6,248 reports of this reaction
2.5% of all ATENOLOL reports
#6 most reported adverse reaction
DIZZINESS is the #6 most commonly reported adverse reaction for ATENOLOL, manufactured by Almatica Pharma LLC. There are 6,248 FDA adverse event reports linking ATENOLOL to DIZZINESS. This represents approximately 2.5% of all 252,348 adverse event reports for this drug.
Patients taking ATENOLOL who experience dizziness should discuss this symptom with their healthcare provider to determine whether it may be related to their medication and what alternatives may be available.
DIZZINESS is a less commonly reported adverse event for ATENOLOL, but still significant enough to appear in the safety profile.

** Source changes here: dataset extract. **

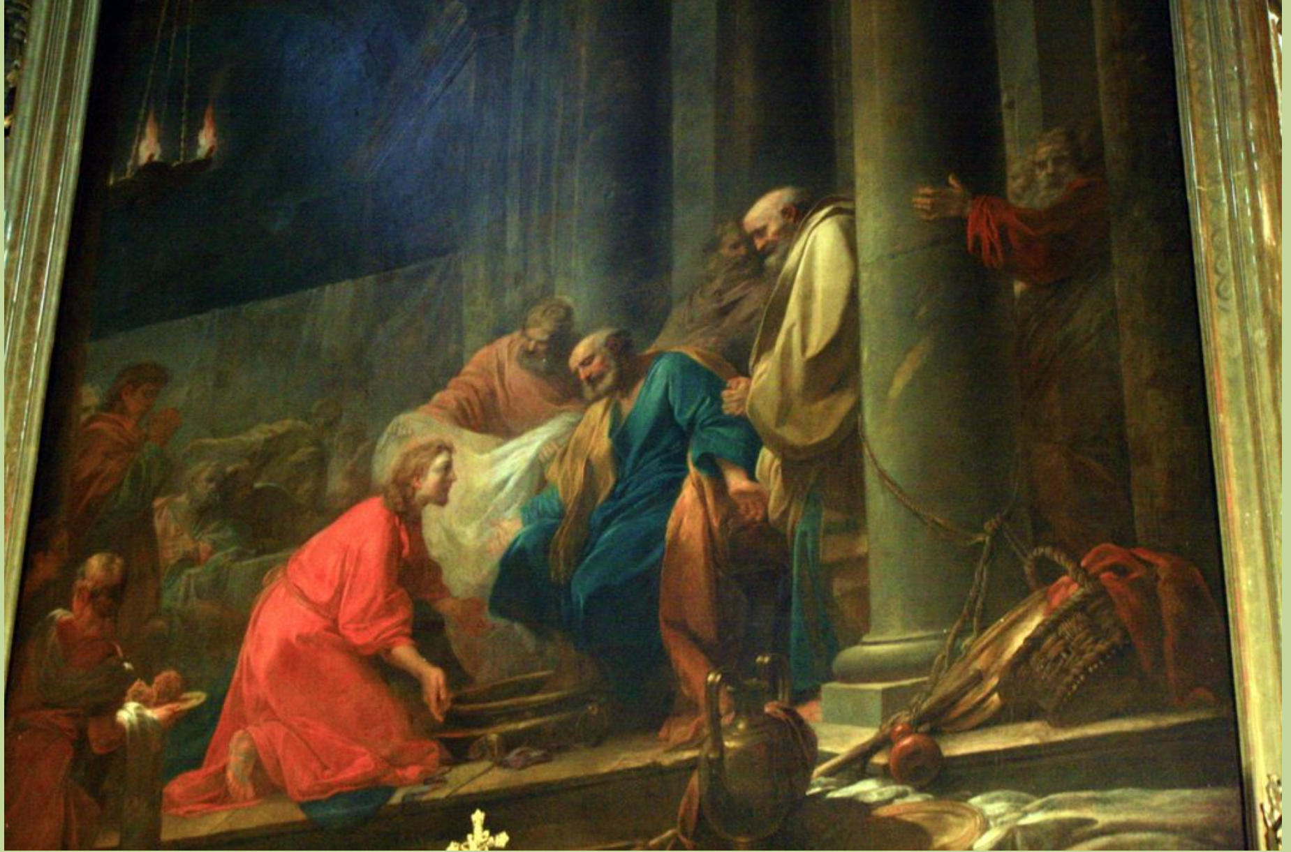
Jean Honoré Fragonard (Grasse, 1732 – Paris, 1806), Le Lavement des pieds , 1754, peinture à l'huile sur toile, Grasse, cathédrale Notre-Dame-du-Puy.

In addition to dizziness, the following adverse reactions have been reported for ATENOLOL:
The following drugs have also been linked to dizziness in FDA adverse event reports:
DIZZINESS has been reported as an adverse event in 6,248 FDA reports for ATENOLOL. This does not prove causation, but indicates an association observed in post-market surveillance data.
DIZZINESS accounts for approximately 2.5% of all adverse event reports for ATENOLOL, making it a notable side effect.
If you experience dizziness while taking ATENOLOL, contact your healthcare provider. They can evaluate whether the symptom is related to your medication and discuss potential adjustments to your treatment plan. Do not stop taking prescribed medication without consulting your doctor.